The fruit has been embraced by Eastern cultures. It is primarily used as decorative foliage for religious and festival floral arrangements in Asia. The fruit is imported for the creation of Chinese New Year trees, due to their golden colored fruit and the belief that the five "fingers" on the fruit represent longevity for the family. In Chinese culture, the plant is known as five-fingered eggplant (五指茄) and in Japan it is known as horned eggplant (ツノナス), fox eggplant (キツネナス), or foxface (フォックスフェイス).

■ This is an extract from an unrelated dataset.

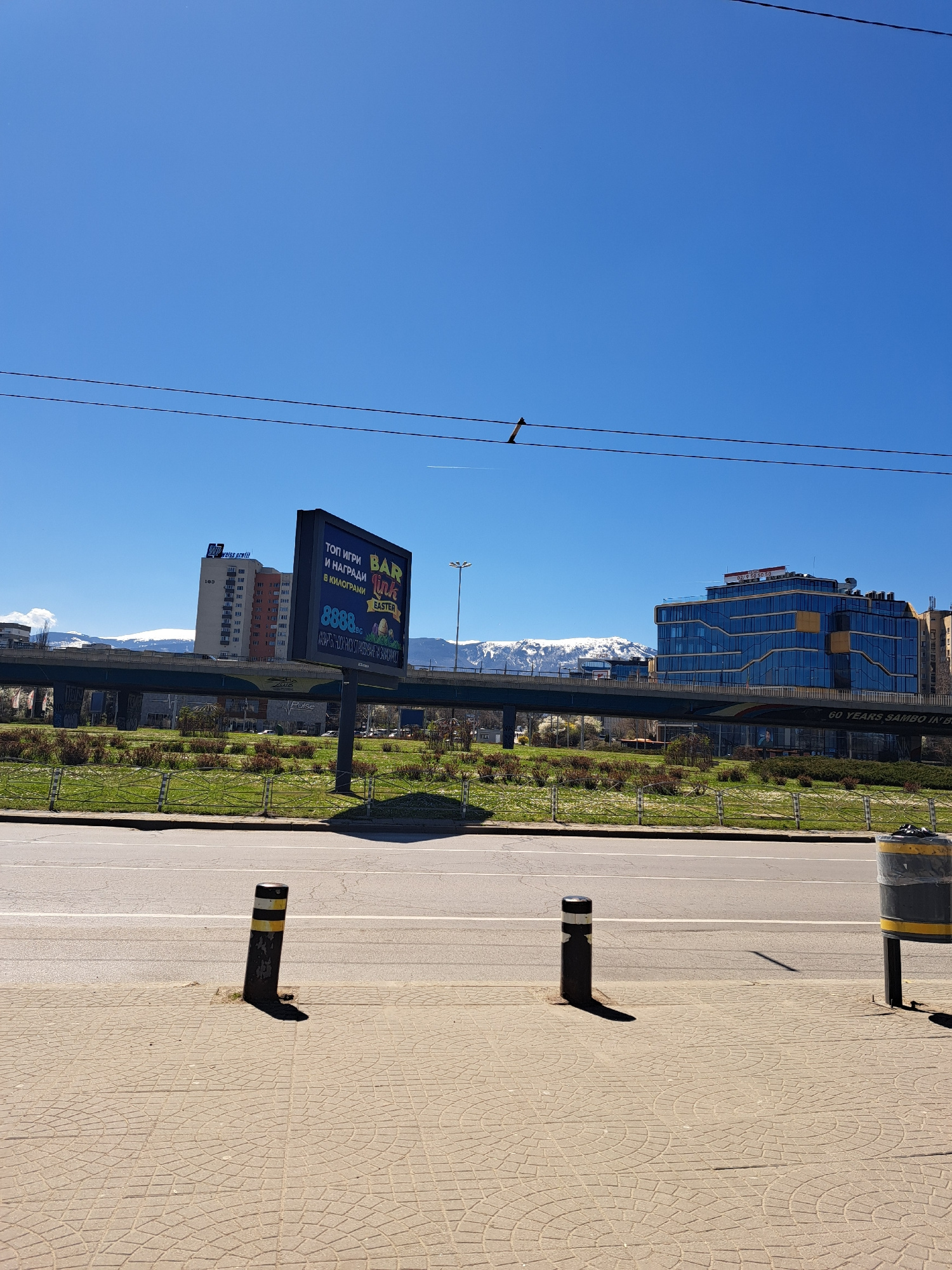 Here's a detailed description of the image: **General Overview:** The image presents a clear, daytime scene that combines urban and natural elements. It seems to be taken from an elevated position, l…read more

The juice of the fruit can be used as a detergent in place of a washing powder, making it similar to the soap nut. The Kofan People of Colombia and Ecuador use the plant as an insect repellent, primarily against cockroaches. The fruit works as a repellent because of the toxicity of steroidal glycoalkaloid.

Although the mature fruit is poisonous, it can be cooked and eaten like a vegetable when it is unripe. It provides a good source of calcium, phosphorus, iron and vitamin B. One way that the fruit can be prepared is boiling the whole fruit and drinking the juices once boiled. In the Philippines, not only is the fruit eaten, but the leaves are also prepared as a tea considered to be anodyne, a mild narcotic.

==Synonyms==
This plant is not easily confused, but several now-invalid scientific names have been given to it:
- Solanum corniculatum E.André (non Huber: preoccupied)
S. corniculatum of Hiern refers to an unidentifiable species of Lycianthes.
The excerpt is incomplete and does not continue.